7 min / Par Thibault Dumas / Le 31 mars 2016 à 8 h 00 min

1 000 milliards d’euros par an, c’est la « valeur » que pourraient atteindre les données des consommateurs européens en 2020. D’où la course aux cartes de fidélité, désormais personnalisées, que se livrent les enseignes de grande surface alimentaire (GSA). Voyage dans le dessous des cartes, de la froideur des rayons d’un supermarché à celle d’un data center.


À la caisse : 20 % des clients, 80 % des profits

« Vous avez la carte du magasin ? », vous demande-t-on mécaniquement à la caisse de votre supermarché. Dans les rayons, les produits des marques distributeurs sont entourés de rouge.
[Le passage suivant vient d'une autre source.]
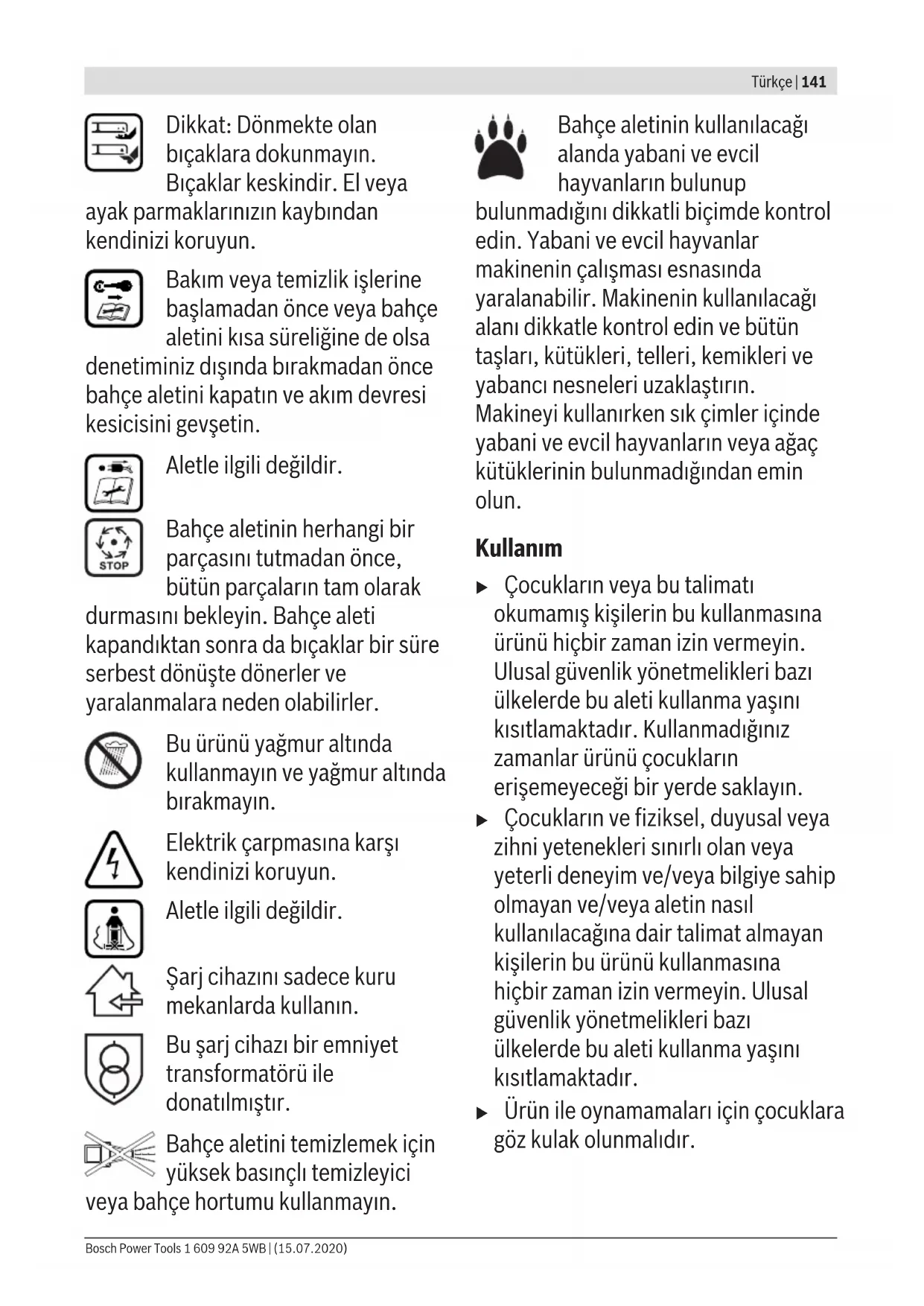 Τα μηχανήματα κήπου, οι μπαταρίες, τα εξαρτήματα και οι συσκευασίες πρέπει να ανακυκλώνονται με τρόπο φιλικό προς το περιβάλλον. Μην ρίξετε τα μηχανήματα κήπου και τις μπαταρίες στα απορρίμματα του σπιτιού σας! Μόνο για χώρες τηςΕΕ: Σύμφωνα με την Κοινοτική Οδηγία 2012/19/EE οι άχρηστες ηλεκτρικές και ηλεκτρονικές συσκευές και σύμφωνα με την Κοινοτική Οδηγία 2006/66/EΚ οι χαλασμένες ή αναλωμένες μπαταρίες πρέπει να συλλέγονται ξεχωριστά για να ανακυκλωθούν με τρόπο φιλικό προς το περιβάλλον. Μπαταρίες/Επαναφορτιζόμενες μπαταρίες: Μπαταρίες ιόντων λιθίου: Παρακαλούμε δώστε προσοχή στο κεφάλαιο Μεταφορά. Türkçe Güvenlik Talimatı Dikkat! Aşağıdaki talimatı dikkatlice okuyun. Kumanda elemanlarının işlevini ve ürünün usulüne uygun olarak kullanılmasını öğrenin. Bu kullanım kılavuzunu ileride başvurmak üzere güvenli bir yerde saklayın. Bahçe aleti üzerindeki sembollerin açıklaması Genel tehlike uyarısı. Kullanım kılavuzunu tam olarak okuyun. Çalışırken yakınınızda duran kişilerin etrafa savrulan yabancı cisimlerle yaralanmamasına dikkat edin. Uyarı: Ürün çalışır durumda iken aletle aranızda güvenli bir mesafe bırakın. 1 609 92A 5WB | (15.07.2020) Bosch Power ToolsTürkçe | 141 Dikkat: Dönmekte olan bıçaklara dokunmayın. Bıçaklar keskindir. El veya ayak parmaklarınızın kaybından kendinizi koruyun. Bakım veya temizlik işlerine başlamadan önce veya bahçe aletini kısa süreliğine de olsa denetiminiz dışında bırakmadan önce bahçe aletini kapatın ve akım devresi kesicisini gevşetin. Aletle ilgili değildir. Bahçe aletinin herhangi bir parçasını tutmadan önce, bütün parçaların tam olarak durmasını bekleyin. Bahçe aleti kapandıktan sonra da bıçaklar bir süre serbest dönüşte dönerler ve yaralanmalara neden olabilirler. Bu ürünü yağmur altında kullanmayın ve yağmur altında bırakmayın. Elektrik çarpmasına karşı kendinizi koruyun. Aletle ilgili değildir. Şarj cihazını sadece kuru mekanlarda kullanın. Bu şarj cihazı bir emniyet transformatörü ile donatılmıştır. Bahçe aletini temizlemek için yüksek basınçlı temizleyici veya bahçe hortumu kullanmayın. Bahçe aletinin kullanılacağı alanda yabani ve evcil hayvanların bulunup bulunmadığını dikkatli biçimde kontrol edin. Yabani ve evcil hayvanlar makinenin çalışması esnasında yaralanabilir. Makinenin kullanılacağı alanı dikkatle kontrol edin ve bütün taşları, kütükleri, telleri, kemikleri ve yabancı nesneleri uzaklaştırın. Makineyi kullanırken sık çimler içinde yabani ve evcil hayvanların veya ağaç kütüklerinin bulunmadığından emin olun. Kullanım u Çocukların veya bu talimatı okumamış kişilerin bu kullanmasına ürünü hiçbir zaman izin vermeyin. Ulusal güvenlik yönetmelikleri bazı ülkelerde bu aleti kullanma yaşını kısıtlamaktadır. Kullanmadığınız zamanlar ürünü çocukların erişemeyeceği bir yerde saklayın. u Çocukların ve fiziksel, duyusal veya zihni yetenekleri sınırlı olan veya yeterli deneyim ve/veya bilgiye sahip olmayan ve/veya aletin nasıl kullanılacağına dair talimat almayan kişilerin bu ürünü kullanmasına hiçbir zaman izin vermeyin. Ulusal güvenlik yönetmelikleri bazı ülkelerde bu aleti kullanma yaşını kısıtlamaktadır. u Ürün ile oynamamaları için çocuklara göz kulak olunmalıdır. Bosch Power Tools 1 609 92A 5WB | (15.07.2020)142 | Türkçe u Bahçe aletini özellikle çocukların ve evcil hayvanların çok yakınında kullanmayın. u Bu aleti kullananlar başkalarının başına gelebilecek kazalardan veya bunların özel mülkiyetinde bulunan mallarda meydana gelebilecek hasarlardan sorumludur. u Bu ürünü kullanırken açık lastik ayakkabılar veya sandaletler kullanmayın. Sağlam iş ayakkabıları ve uzun pantolon kullanın. Bu ürünü hiçbir zaman çıplak ayakla kullanmayın. u İşleyeceğiniz yüzeyi dikkatli biçimde inceleyin ve taş, dal, tel, kemik ve benzeri yabancı nesneleri temizleyin. u Aleti kullanmaya başlamadan önce daima bıçakların, bıçak cıvatalarının veya kesme modülünün aşınmış veya hasarlı olup olmadığını kontrol edin. Balanssız çalışmayı önlemek için aşınmış veya hasar görmüş bıçakları ve bıçak cıvatalarını her zaman takım halinde değiştirin. u Sadece gün ışığında veya iyi aydınlatma koşullarında biçme yapın. u Elverişsiz hava koşullarında, özellikle fırtına ve sağanak yağış beklenirken çim biçme makinesi ile çalışmayın. u Bahçe aletini mümkün olduğu kadar ıslak çimlerde kullanmayın. u Her zaman sakin çalışın, acele etmeyin. u Bahçe aletini arızalı koruma donanımlarıyla, kapaklarla ve örneğin çarpma emniyeti ve/veya çim tutma selesi gibi emniyet donanımları olmadan kullanmayın. u Kendi sağlığınız açısından koruyucu kulaklık kullanmanızı tavsiye ederiz. u Yorgun veya hastaysanız veya alkol, hap veya aldığınız ilaçların etkisi altındaysanız ürünü kullanmayın. u Meyilli yüzeylerde çalışmak tehlikeli olabilir: –Çok meyilli yüzeylerde biçme yapmayın. –Meyilli yüzeylerde veya ıslak çimlerde yere sağlam basmaya dikkat edin. –Dik yüzeylerde her zaman enine biçme yapın, aşağı yukarı yapmayın. –Dik yerlerde yön değiştirirken özellikle dikkatli olun. u Geriye doğru giderken veya bahçe aletini çekerken çok dikkatli olun. u Biçme yaparken bahçe aletini d

Les enceintes débitent des promotions accessibles grâce au précieux sésame. Une jolie affiche colorée détaille comment l’acquérir. Pourquoi ne pas la prendre après tout ?

« [La fidélisation] s’inscrit dans un marketing dit “défensif” qui consiste à se concentrer sur les clients actuels », écrivent les universitaires belges Nathalie Demoulin et Pietro Zidda, dans un article de référence remontant à 2008. Car un acheteur régulier est plus intéressant qu’un acheteur occasionnel. « C’est simple : 20 % des clients génèrent 80 % des profits, avec une concurrence forte dans la grande distribution », rappelle Christophe Benavent, professeur en marketing à l’Université Paris Ouest.

On souscrit donc d’abord à une carte dans « son » hyper/supermarché, surtout quand il communique allègrement dessus. Un vague formulaire à remplir, une signature sur un coin de caisse et vogue la carte plastifiée… Très simple, trop simple même, selon une enquête de 2014 de l’association Consommation Logement Cadre de vie (CLCV) : « Quand un formulaire est utilisé, l’information est noyée dans les conditions générales. Bien souvent, aucun exemplaire n’est finalement remis au consommateur ».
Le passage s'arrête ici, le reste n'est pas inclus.